Use this section to provide overall comments, discuss strengths/weaknesses of the study, novelty, significance, general execution and scholarship. You may also include additional comments for the author, including concerns about dual publication, research ethics, or publication ethics. If requesting major revision, please articulate the new experiments that are needed.

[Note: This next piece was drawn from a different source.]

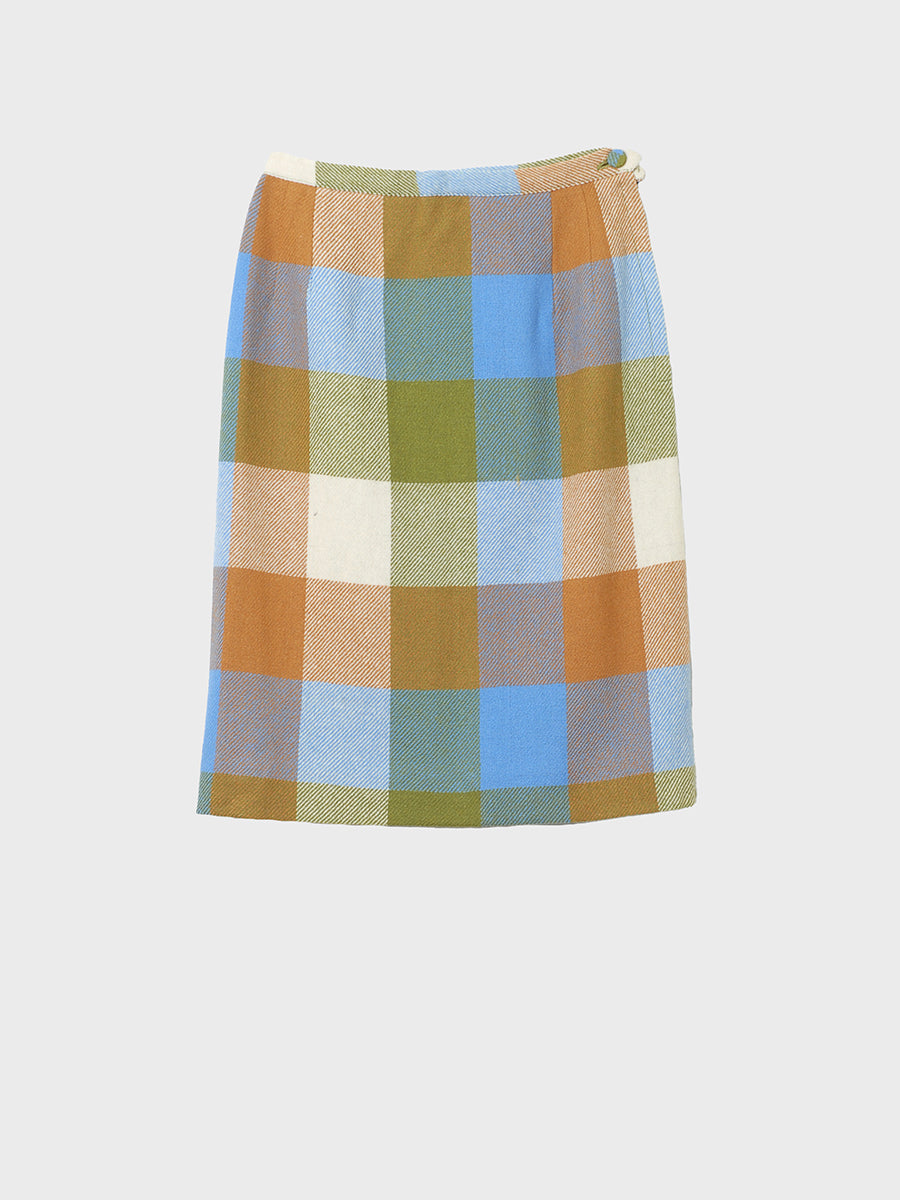 1960s short straight skirt with graphic block pattern combining blue, green, orange, and white. Fitted with two darts on either side, front and back. Side zipper closure with self-finished button. Fully lined and in clean, beautiful condition.

Reviewer #1: In this manuscript, Mode and colleagues have investigated whether the worldwide bacterial pathogen Brucella abortus generates persisters in response to clinically relevant antibiotic treatments during its intracellular cycle in macrophages as the potential cellular basis for relapses associated with antibiotherapies against human brucellosis. Using a combination of advanced, automated microscopy-based analyses of dual fluorescent reporters and enumeration of viable bacteria, the authors report that i) Brucella’s intracellular niche in RAW264.7 cells provides partial protection against antibiotics, which do not fully inhibit bacterial replication, ii) a subpopulation of intracellular bacteria remains metabolically active and cultivable, iii) Brucella form persister cells in culture and intracellularly that fully retain their infection capabilities. Based in these findings, they conclude that Brucella intracellular persisters may constitute a population that mediates relapses associated with brucellosis, despite antibiotic therapies, and suggest changes in clinical practices.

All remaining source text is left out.